Going to a museum or a gallery to see works of art is a common leisure activity. And it’s supposed to be enjoyable, educational and enriching. But how can you be sure you’ve seen the things that will really resonate with you when you visit London’s Tate Modern, say? How do you know if, in the throng of visitors, you haven’t missed some undiscovered masterpiece that you may have appreciated more? Curators and, increasingly, interactive guides function as gatekeepers to your experience, helping you navigate collections and select the best works for you. Even so, guides and layout can be hit and miss – an imprecise science.
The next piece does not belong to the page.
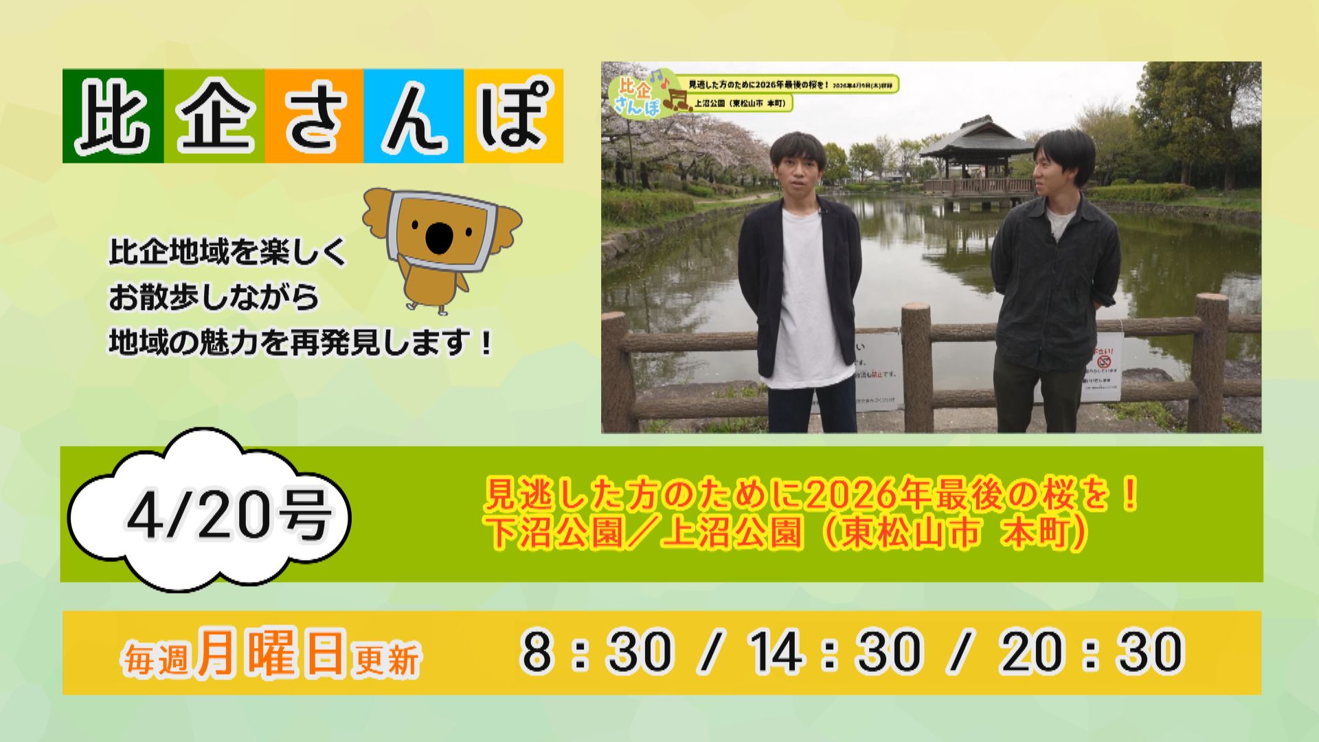 【比企さんぽ】(8:30〜/14:30〜/20:30〜) 見逃した方のために2026年最後の桜を! 下沼公園/上沼公園(東松山市 本町)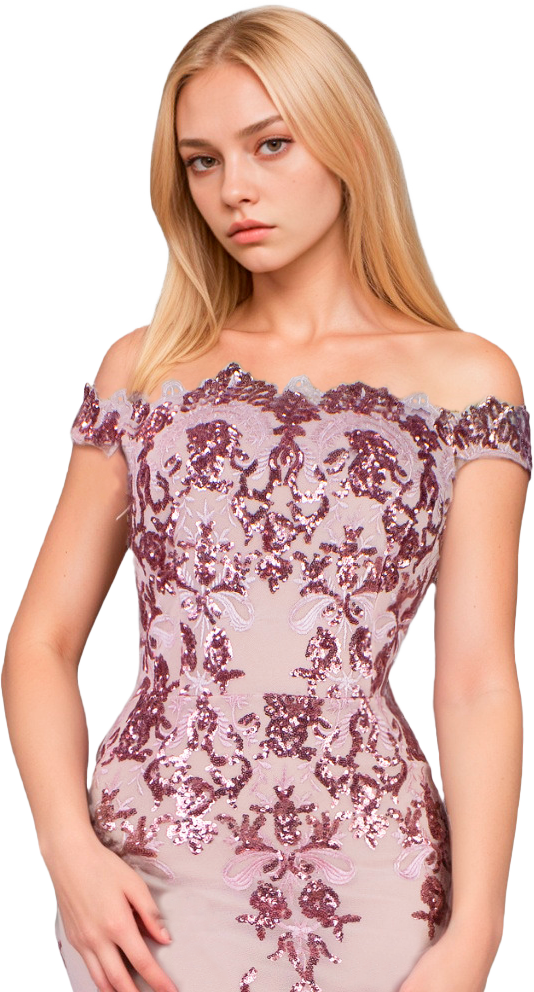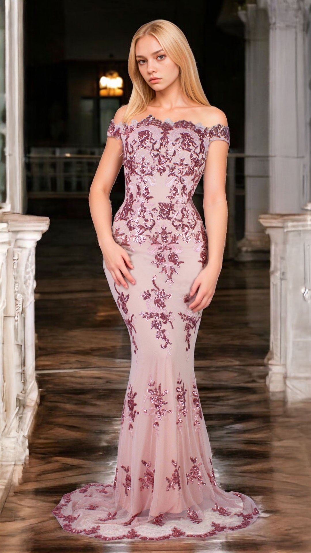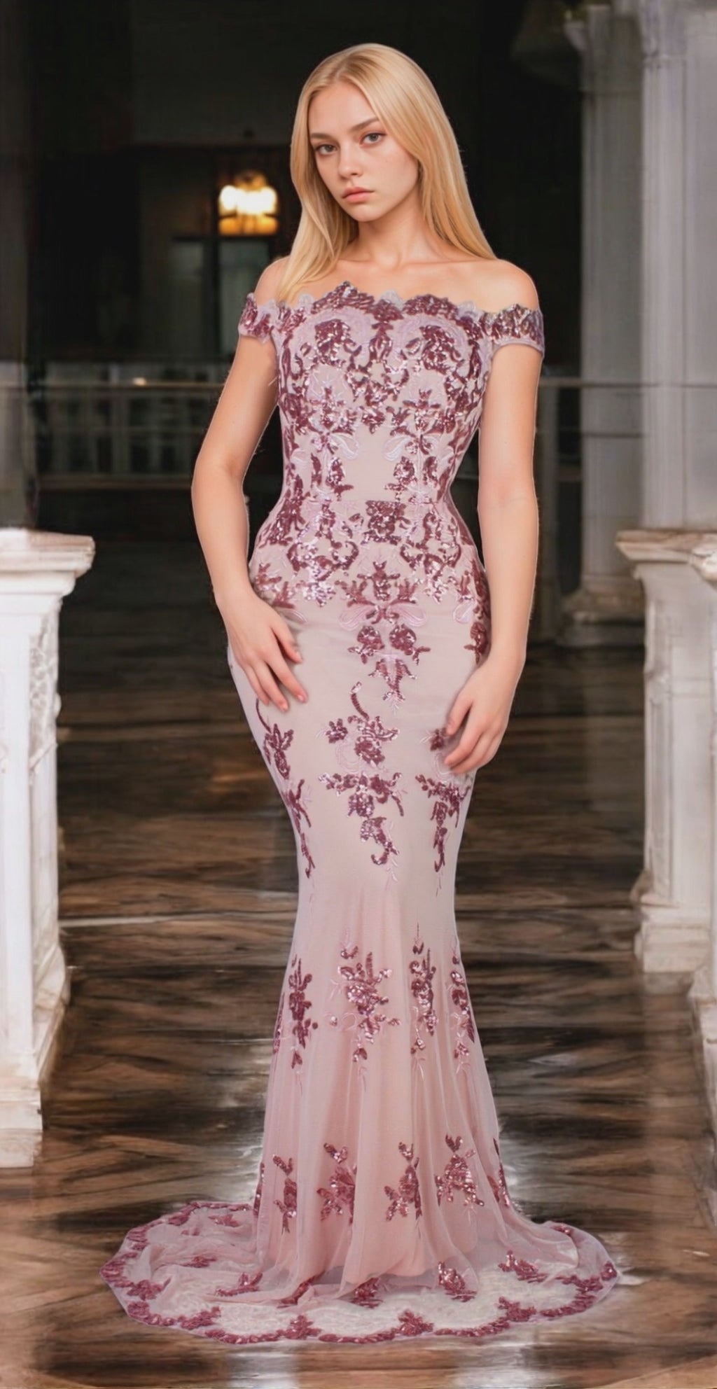 Este vestido de corte sirena en rosa destaca por su elegante diseño de hombros descubiertos y delicado bordado, que realza la silueta femenina con sofisticación. Ideal para ocasiones especiales, combina estilo y comodidad, ofreciendo un ajuste ceñido que resalta la figura con un toque romántico y moderno. Perfecto para quienes buscan un look refinado y distintivo.

That is, until now. A new body of work by London Business School’s Ali Aouad, in collaboration with IESE’s PhD student Abhishek Deshmane and Professor Victor Martínez de Albéniz, is shedding new light on how to structure visitor experience, and their findings are of relevance not only for the arts, but also for experience providers in commercial sectors.

Dr Aouad investigates how algorithms can be used in the cultural setting to understand, predict and ultimately enhance behaviours and experiences. The approach is novel both in its methodology and in its collaboration with a major cultural institution. 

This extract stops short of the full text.